I live in Oregon, where summer is really hot and winter can get to freezing from time to times.
The reason I think I should use 5w40 is that people tend to use xW40 on turbocharged cars. 
But then I am using the mobil1 5w30 for the past 2 years/20000 miles.
I am thinking of switching to the valvoline 5w40 or havoline 5w40, should I?


----------



## xxdizankxx (Jun 26, 2003)

Why not switch to Mobil 1 5w40?


----------



## JoeVeeDubber (Mar 15, 2002)

*Re: What's the difference between 5w30 and 5w40? (sula89)*

I run what the owner's manual tells me to run and the particular brand that I use is LUBRO MOLY. I figure a german car should use german oil







. 
But to answer your question about whats the difference, 5w30 is a thinner oil than 5w40, hence it will provide a thinner coating on the metal in your engine. Engine builder's spec certain oil becuase engines have certain tolerances when they are built. Some have big tolerances, some have small. Most newer car engines have realllly tight tolerances and that's why you see them using really light weight oils, sometimes like 5w20 even. Whereas older engines, like the one in my 1990 VANAGON use 20W50 oil since they have larger tolerances. Back to your situation, I've seen plenty of people run 5w30 with no problems, you might even get a few extra horsepower with the lighter oil since it is easier to pump and slosh around in. Climate is also a factor in picking an oil, you basically want an oil that will cover your climate range, extremes of hot and cold.
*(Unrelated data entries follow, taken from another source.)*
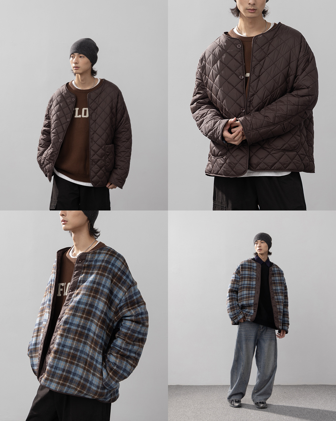 姵萱聯名 立領雙面穿格紋鋪棉背心 M/L
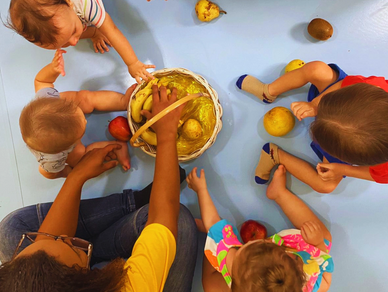 No projeto Cesta de Frutas, as crianças exploram diferentes frutas de maneira divertida e educativa, aprendendo a identificar texturas, aromas e sabores. A cada semana, elas têm a oportunidade de experimentar e manusear novas frutas, desenvolvendo o paladar e entendendo a importância de uma alimentação saudável.
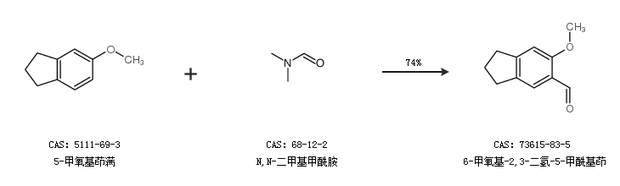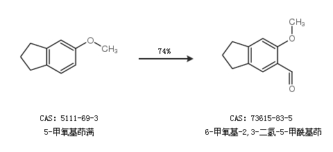 2.通过5-甲氧基茚满和N,N-二甲基甲酰胺合成6-甲氧基-2,3-二氢-5-甲酰基茚,收率约74%;
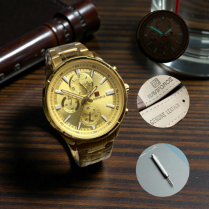 ساعت مچی مردانه برند نویفورس naviforce کرنوگراف فول استیل همراه با بند چرم طلایی
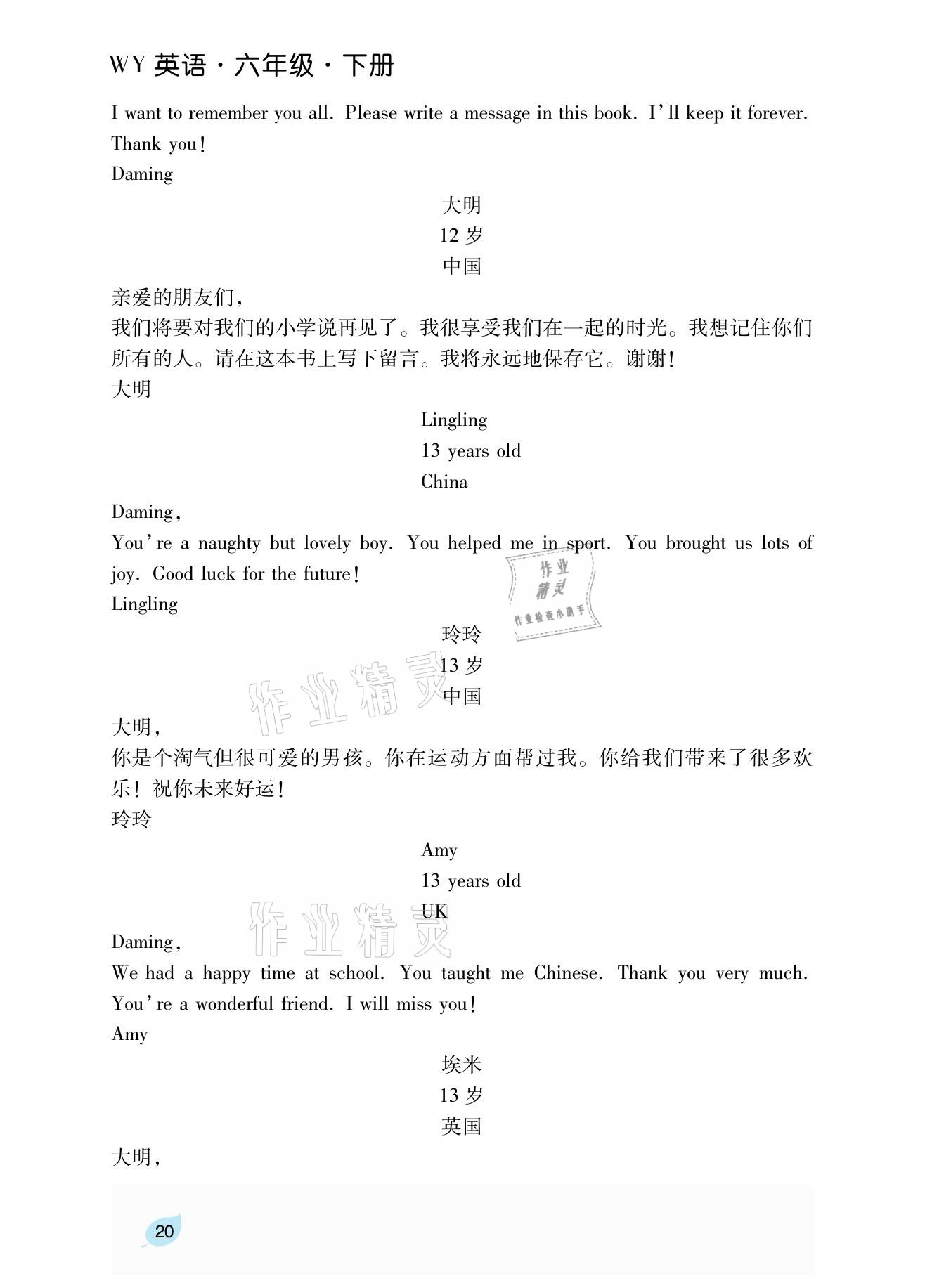 注:目前有些书本章节名称可能整理的还不是很完善,但都是按照顺序排列的,请同学们按照顺序仔细查找。练习册 2021年扬帆天天练六年级英语下册外研版 答案主要是用来给同学们做完题方便对答案用的,请勿直接抄袭。
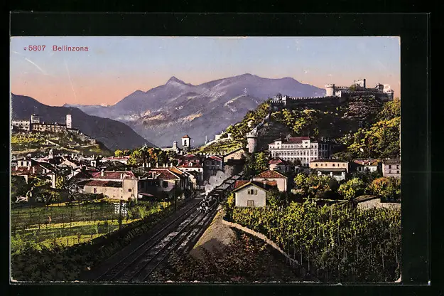 AK Bellinzona, Ortsansicht mit Dampfeisenbahn

As for me, I think using 5w40 will prolong the life of my engine, since it is what the engineers spec for the 1.8T. Oil is a touchy issue, do a search on oil and you'll find plenty of topics. 
Edited: for typos, ha, I type too fast...


_Modified by JoeVeeDubber at 10:14 AM 4-20-2004_


----------



## v double u (Jan 6, 2004)

*Re: What's the difference between 5w30 and 5w40? (JettaManDan)*


_Quote, originally posted by *JettaManDan* »_NAPA - Part # 966 - Valvoline Synpower 5w-40 synthetic 

Same here. http://****************.com/smile/emthup.gif


----------



## xxdizankxx (Jun 26, 2003)

*Re: What's the difference between 5w30 and 5w40? (JoeVeeDubber)*


_Quote, originally posted by *JoeVeeDubber* »_I run what the owner's manual tells me to run and the particular brand that I use is LUBRO MOLY. I figure a german car should use german oil







. 
But to answer your question about whats the difference, 5w30 is a thinner oil than 5w40, hence it will provide a thinner coating on the metal in your engine. Engine builder's spec certain oil becuase engines have certain tolerances when they are built. Some have big tolerances, some have small. Most newer car engines have realllly tight tolerances and that's why you see them using really light weight oils, sometimes like 5w20 even. Whereas older engines, like the one in my 1990 VANAGON use 20W50 oil since they have larger tolerances. Back to your situation, I've seen plenty of people run 5w30 with no problems, you might even get a few extra horsepower with the lighter oil since it is easier to pump and slosh around in. Climate is also a factor in picking an oil, you basically want an oil that will cover your climate range, extremes of hot and cold. As for me, I think using 5w40 will prolong the life of my engine, since it is what the engineers spec for the 1.8T. Oil is a touchy issue, do a search on oil and you'll find plenty of topics. 
Edited: for typos, ha, I type too fast...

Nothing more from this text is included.